Frigate work faces disruption due to strike
Type 31 frigates are being built at Rosyth
Work on the latest Royal Navy frigates will be disrupted after construction contractor Kaefer voted for 12 weeks of all-out strike action at the Rosyth dockyard.
About 100 painters, cleaners, scaffolders and support service staff, will take part in the action from 17 April up to 10 July.
Trade union Unite claims the strike action will directly threaten progress on the Type 31 frigates contract. Members emphatically supported strike action by 98.4% after rejecting a 7.2% pay offer.

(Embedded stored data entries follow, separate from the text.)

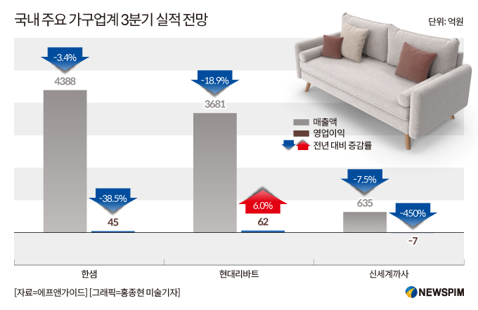 [서울=뉴스핌] 이석훈 기자 = 가구업계의 올해 3분기 실적 전망이 어둡다. 한샘과 현대리바트, 신세계까사의 매출은 각각 전년 동기 대비 3.4%, 18.9%, 7.5% 감소할 것으로 예상된다.
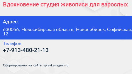 Вдохновение, студия живописи для взрослых по адресу 630056, Новосибирская область, Новосибирск, Софийская, 12 в дальнейшем Организация, размещена в следующих категориях:
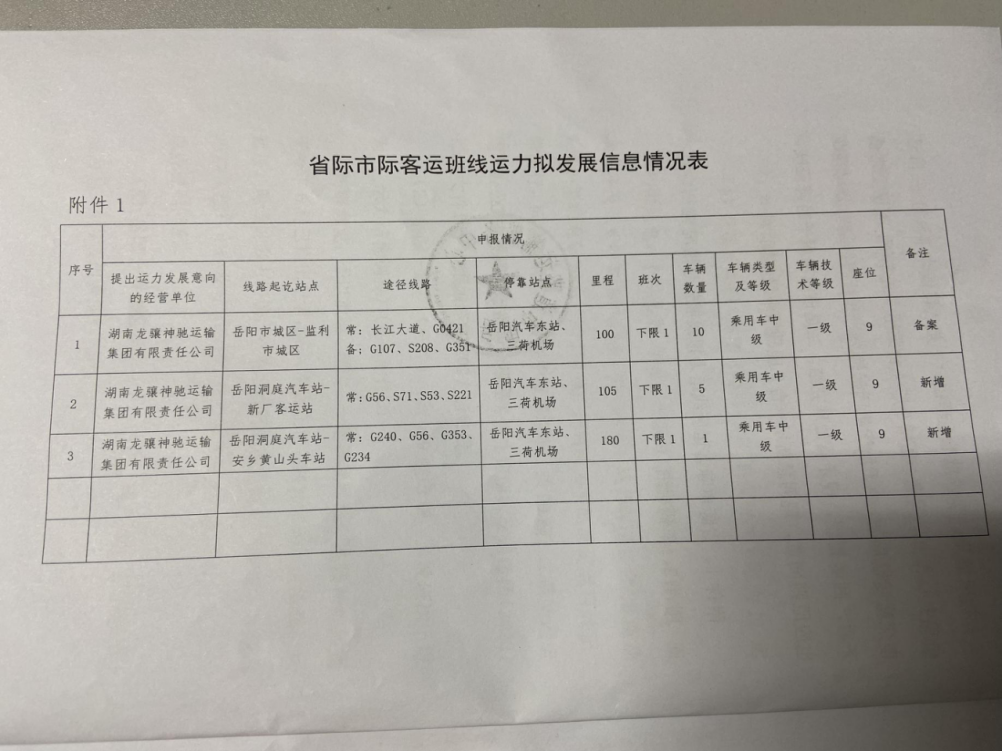 附件:省市际客运班线运力拟发展信息情况表
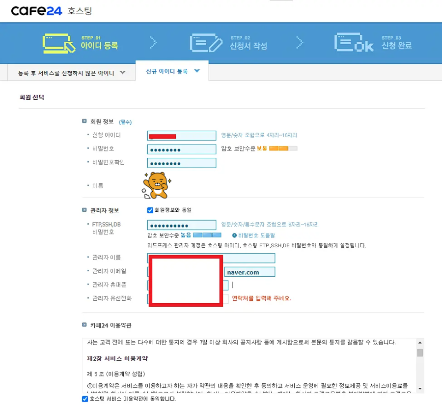 여기서 만든 신청 아이디와 비밀번호가 워드프레스 관리페이지로 들어가기 위한 아이디, 패스워드가 됩니다. 꼭 기억하고 있어야 합니다.
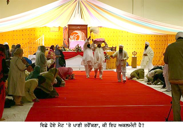 ਇਹ ਹੈ ਕਿ ਗੁਰੂ ਜੀ ਦਾ ਸਰੂਪ ਲੈਜਾਣ ਸਮੇਂ ਅੱਗੇ ਅੱਗੇ ਪਾਣੀਂ ਦਾ ਤਰੌਂਕਾ ਦੇਣਾਂ, ਕੀ ਗੁਰਮਤਿ
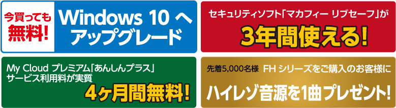 今ご購入いただいても、Windows 10へ無料でアップグレードできます。富士通なら、アップグレード手順もしっかりサポートします。
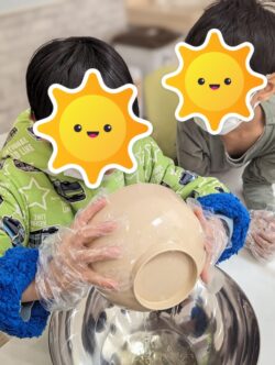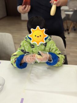 早速パン生地を捏ねたり、のばしたりして感覚遊びをします👐
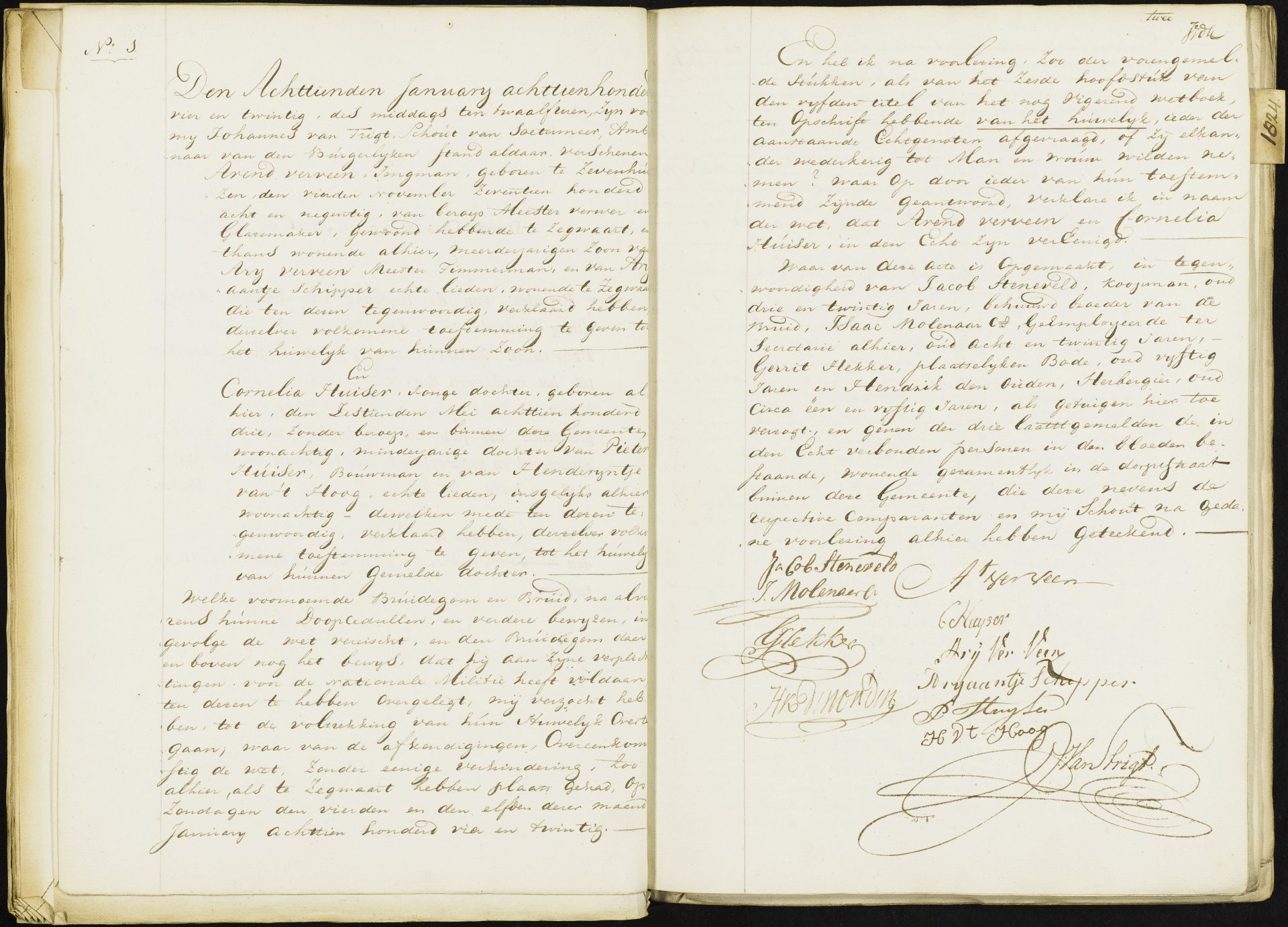 BruidegomArend Verveen, geboren op 4 november 1798 te Zevenhuizen, 25 jaar oud, wonende te Zoetermeer, mr verwer en glazenmaker van beroep BruidCornelia Huiser, geboren op 16 mei 1803 te Zoetermeer, 22 jaar oud, wonende te Zoetermeer |
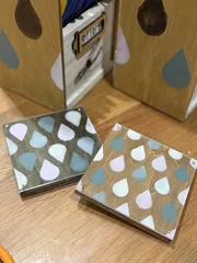 木材×アクリルでドロップコースター💧 画像ではほとんど違いが分かりませんが、一応、色違いで作りました😅⬅️左🩵ブルー系 右💚グリーン系➡️塗料はてっきり、B&Bと同じと思ってたら、アクリルガッシュだと伺って、思い描いてたイメージ通りに出来なかったのが、ちょっと残念でした😥その時点で私の中では失敗なので、またリベンジしたいと思い
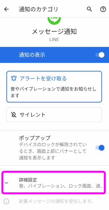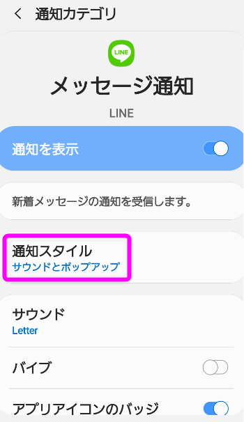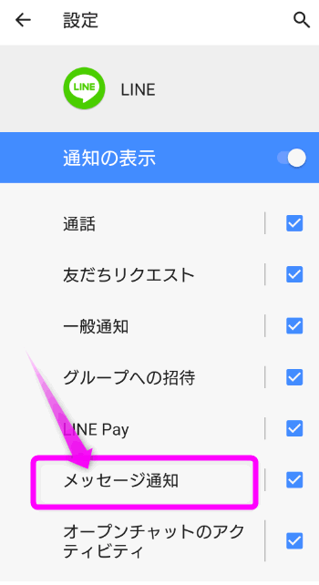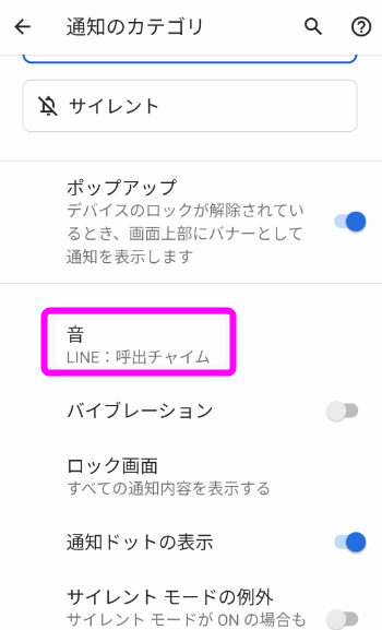 アンドロイドのLINEは、通知の種類ごとに音と表示を変更できるようです。
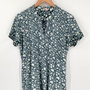 Faherty Gemina Dress Indigo Echo Floral Linen Blend Pockets Women XS Blue White
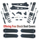 Zone Offroad 2014-18 Ram 2500 5.5in Suspension System. The newest Zone Offroad lift option for the new 2500 Ram follows the same design as the current 4.5in system. The system utilizes the same heavy-duty radius arm drop brackets to properly compensate for the massive 5.5in progressive rate coil springs. The supplied drop pitman arm, extended bump stops, track bar relocation bracket, sway bar drops and brake line relocation adjust all the rest of the critical components and angles. The system coupled with Nitro shocks, provides a great handling, smooth ride suspension system. The rear of the truck is lifted via 4.5in rear coil springs. For those looking to use their 4wd on the road at speed we highly recommend adding the optional t-case indexing kit to improve the front driveline angles. These two kits (for the 6-bolt and 8-bolt T-cases) come with a t-case indexing ring, front driveshaft spacer and heavy-duty replacement transmission crossmember. The t-case indexing kits can be installed when the lift is installed or anytime after if the need arises. The indexing kits will also work with other lift heights and brands for those customers in need of one.

Unite general secretary, Sharon Graham, said: “Unite’s members working for Kaefer are determined to secure a fair pay deal.
“Kaefer dragged their feet and then made an unacceptable offer following our members’ emphatic decision to vote for strike action.”

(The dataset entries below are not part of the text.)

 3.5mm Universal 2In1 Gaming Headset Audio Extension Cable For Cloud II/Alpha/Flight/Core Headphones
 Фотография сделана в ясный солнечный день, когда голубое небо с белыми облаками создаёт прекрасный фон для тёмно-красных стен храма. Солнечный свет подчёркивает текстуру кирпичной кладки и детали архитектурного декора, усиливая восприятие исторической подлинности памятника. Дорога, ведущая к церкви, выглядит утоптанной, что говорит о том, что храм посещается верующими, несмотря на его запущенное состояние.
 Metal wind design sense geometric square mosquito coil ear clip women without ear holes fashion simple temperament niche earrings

Babcock, which owns the Rosyth yard, was contracted as part of the Royal Navy’s £1.25 billion contract for five Type 31 warships in November 2019.
Bob MacGregor, Unite regional industrial officer, said: “The workforce are prepared to take 12 weeks all-out strike action to get a decent wage rise. Kaefer just simply doesn’t get it. The company first refused to make any offer for months, and then they panicked following the strike vote.”
He added: “The imminent strike action will have a knock-on effect for the Type 31 contract, and it will undoubtedly lead to significant delays.”
Oil workers strike
Unite has announced an unprecedented 48-hour stoppage in the offshore sector.
About 1,350 workers across five companies will take strike action to demand a better deal on jobs, pay and conditions.
The trade union predicts the strike action starting on 24 April until 26 April will bring platforms and the offshore installations of major oil and gas operators to a standstill.
Those to be hit include BP, CNRI, EnQuest, Harbour Energy, Ithaca, Shell and Total.